The equation belongs to the Mori–Zwanzig theory within the statistical mechanics of irreversible processes (named after Hazime Mori). By means of a projection operator the dynamics is split into a slow, collective part (relevant part) and a rapidly fluctuating irrelevant part. The goal is to develop dynamical equations for the collective part.

## Derivation

The starting point[1] is the quantum mechanical Liouville equation (von Neumann equation)

$\partial_t \rho = \frac{i}{\hbar}[\rho,H] = L \rho,$

where the Liouville operator $L$ is defined as $L A = \frac{i}{\hbar}[A,H]$.
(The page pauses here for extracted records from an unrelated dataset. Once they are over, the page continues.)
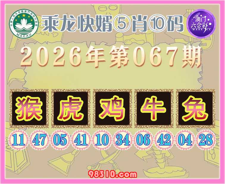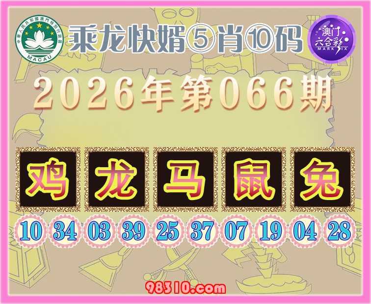 066期:〖乘龙快婿〗 ⑤肖⑩码【鸡龙马鼠兔】开:马37准
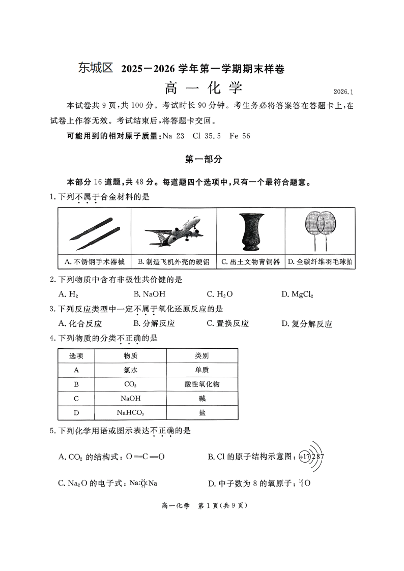 北京市东城区2025-2026学年高一上学期期末样卷 化学试题(含答案).pdf
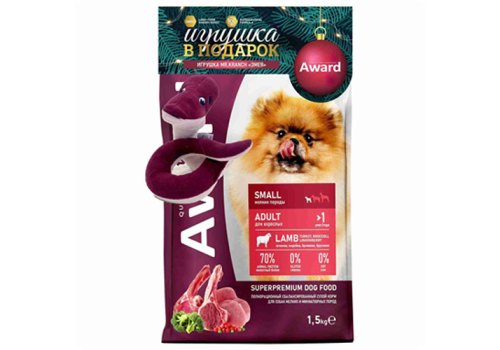 1. Сухой корм AWARD для взрослых собак мелких и миниатюрных пород с ягненком и индейкой с добавлением брокколи и брусники 1,5 кг.
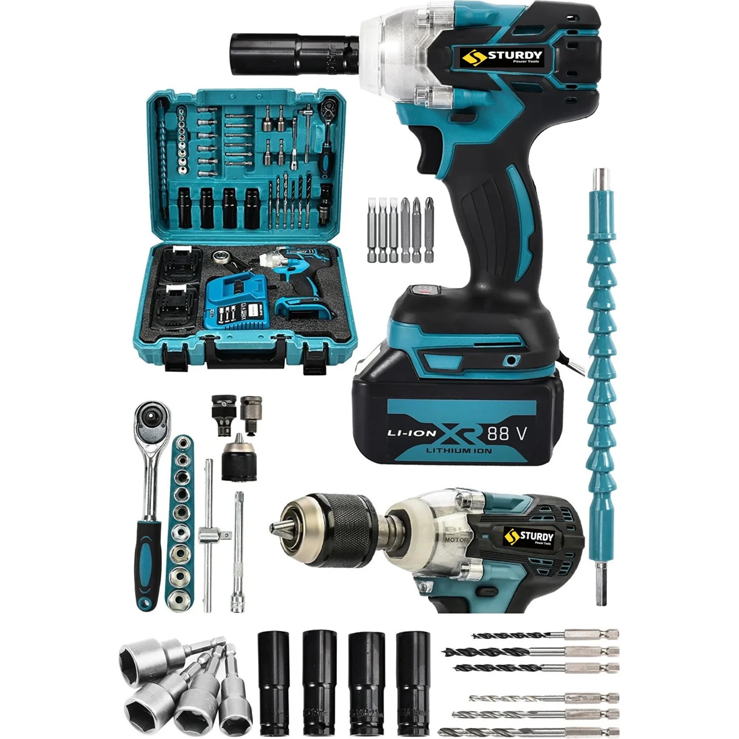 Sturdy 88 V 10 Ah Profesyonel Çift Akülü Cırcır + Mandren Şarjlı Somun Sıkma Torklu Vidalama Matkap 2 Alet 1 Makina Setli Çanta
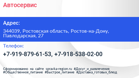Автосервис по адресу 344039, Ростовская область, Ростов-на-Дону, Павлодарская, 27 в дальнейшем Организация, размещена в следующих категориях:
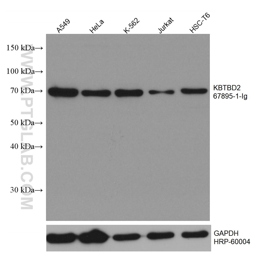 The KBTBD2 antibody from Proteintech is a mouse monoclonal antibody to a recombinant protein of human KBTBD2. This antibody recognizes human, mouse, rat antigen. The KBTBD2 antibody has been validated for the following applications: WB, IF/ICC, ELISA analysis.
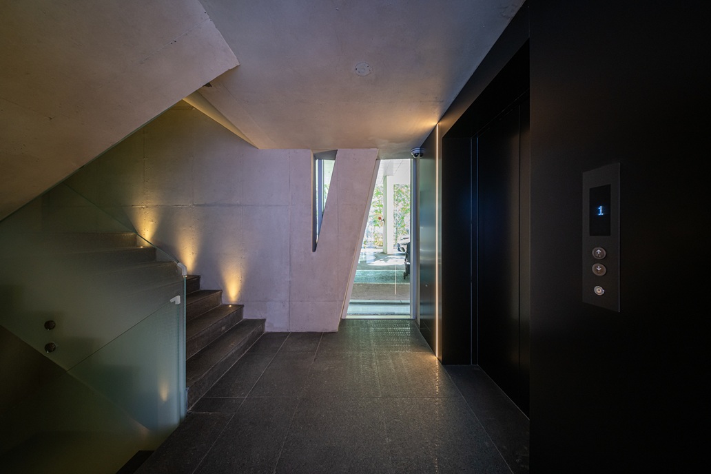 하나의 다이어고날 패턴은 4개 층의 입면을 분할하며, 각 층의 코너 뷰는 열림과 닫힘을 반복해 다양한 시각적 경험을 제공한다. 임대 건물의 필요 조건인 선큰, 마당, 외부 계단, 층별 화장실, 실용 층고 등의 요소는 협소 부지라는 한계에서 다소 타협이 불가피했다. 아마도 다양한 시퀀스를 시도해보고자 했던 건축사의 바람이 아닐까.
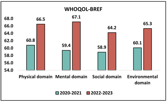 In the social domain, students’ scores rose from a mean of 58.9 (SD = 17.5) in 2020–2021 to 64.2 (SD = 13.5) in 2022–2023. This increase, while indicating a possible improvement in social interactions and relationships, was not statistically significant as the p-value was 0.123. Lastly, the environmental domain, which encompasses factors like financial resources, freedom, safety, and health and social care accessibility, showed an upward trajectory in scores from 60.1 (SD = 13.8) in 2020–2021 to 65.3 (SD = 15.9) in 2022–2023. However, this rise was not statistically significant with a p-value of 0.110, as described in Table 4 and Figure 2.
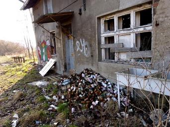 Keywords: ruin home decay old leave ghost town devastation weathered stainless dilapidated broken cans window

The density operator (density matrix) $\rho$ is split by means of a projection operator $\mathcal{P}$ into two parts $\rho =\left( \mathcal{P}+\mathcal{Q} \right)\rho$, where $\mathcal{Q}\equiv 1-\mathcal{P}$. The projection operator $\mathcal{P}$ projects onto the aforementioned relevant part, for which an equation of motion is to be derived.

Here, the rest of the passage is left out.